■ YOUR TASK
Please transcribe the listing below in full, exactly as written, leaving out its pictures.

Start of DATA PROVIDED

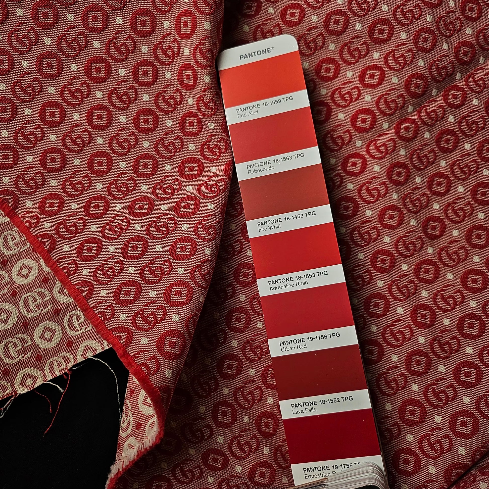 Baumwolldenim, Jacquard, Pantone Urban Red, Logo · 100×25 cm
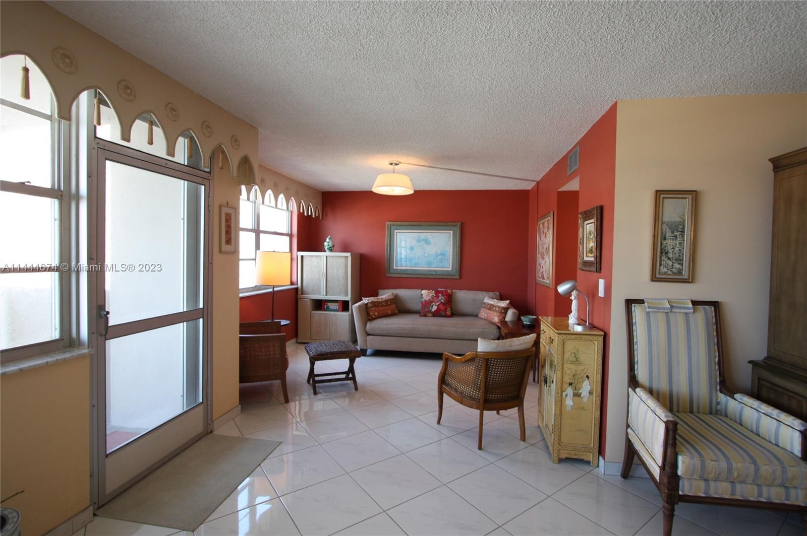 Located in the heart of Sunny Isles Beach, this condo unit has great Intracoastal, city & ocean views. Dining/living area opens up to a generous balcony. The modern kitchen has white cabinets, counters & appliances. The "convertible 2nd bedroom" is being used as a den. Lots of closets. The building is less than a half a mile from the beach and offers many amenities such as pool, gym, laundry on each floor. Building is undergoing a number of upgrades/renovations: Elevators have been modernized. Lobby is almost done. Pool and pool deck are next. Special assessments have been paid. Low maintenance includes hot water, cable, internet, parking, etc. Close to Aventura & Bal Harbour malls, lots of other shopping, restaurants. Wilton Towers Park is just next door. “A” rated K-8 school.
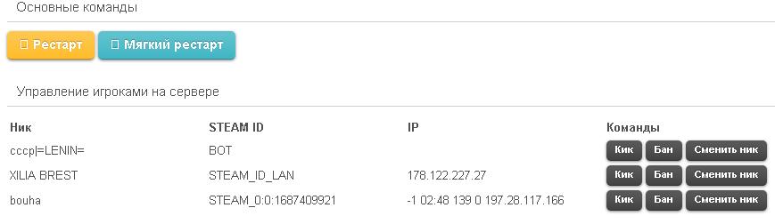 Значение status: Код: hostname: UMI7EPATOP CEPBEP - HLDM.ORG version : 48/1.1.2.2/Stdio 5787 secure (70) tcp/ip : 31.31.202.96:27015 map : crossfire_emperors at: 0 x, 0 y, 0 z players : 3 active (32 max) # name userid uniqueid frag time ping loss adr # 1 "cccp|=LENIN=" 354 BOT 1 11:54:58 0 0 # 3 "XILIA BREST" 343 STEAM_ID_LAN 62 27:38 110 0 178.122.227.27:12221 # 4 "bouha" 353 STEAM_0:0:1687409921 -1 02:40 156 0 197.28.117.166:27005 3 users Появляется всегда, когда у игрока отрицательное количество фрагов. Цитата: Я так понял, в чате игры появляется ник админа, который банит, кикает и т.д. Можно ли сделать возможность выполнять все доступные действия анонимно? Заранее спасибо Они и так анонимны. Будет написано, что игрока забанил сервер. А если ты про чат, то наверное Никита специально добавил вывод имени админа в общий чат.

End of DATA PROVIDED

■ RESULT OF THIS TASK
 Baumwolldenim, Jacquard, Pantone Urban Red, Logo · 100×25 cm
 Located in the heart of Sunny Isles Beach, this condo unit has great Intracoastal, city & ocean views. Dining/living area opens up to a generous balcony. The modern kitchen has white cabinets, counters & appliances. The "convertible 2nd bedroom" is being used as a den. Lots of closets. The building is less than a half a mile from the beach and offers many amenities such as pool, gym, laundry on each floor. Building is undergoing a number of upgrades/renovations: Elevators have been modernized. Lobby is almost done. Pool and pool deck are next. Special assessments have been paid. Low maintenance includes hot water, cable, internet, parking, etc. Close to Aventura & Bal Harbour malls, lots of other shopping, restaurants. Wilton Towers Park is just next door. “A” rated K-8 school.
 Значение status: Код: hostname: UMI7EPATOP CEPBEP - HLDM.ORG version : 48/1.1.2.2/Stdio 5787 secure (70) tcp/ip : 31.31.202.96:27015 map : crossfire_emperors at: 0 x, 0 y, 0 z players : 3 active (32 max) # name userid uniqueid frag time ping loss adr # 1 "cccp|=LENIN=" 354 BOT 1 11:54:58 0 0 # 3 "XILIA BREST" 343 STEAM_ID_LAN 62 27:38 110 0 178.122.227.27:12221 # 4 "bouha" 353 STEAM_0:0:1687409921 -1 02:40 156 0 197.28.117.166:27005 3 users Появляется всегда, когда у игрока отрицательное количество фрагов. Цитата: Я так понял, в чате игры появляется ник админа, который банит, кикает и т.д. Можно ли сделать возможность выполнять все доступные действия анонимно? Заранее спасибо Они и так анонимны. Будет написано, что игрока забанил сервер. А если ты про чат, то наверное Никита специально добавил вывод имени админа в общий чат.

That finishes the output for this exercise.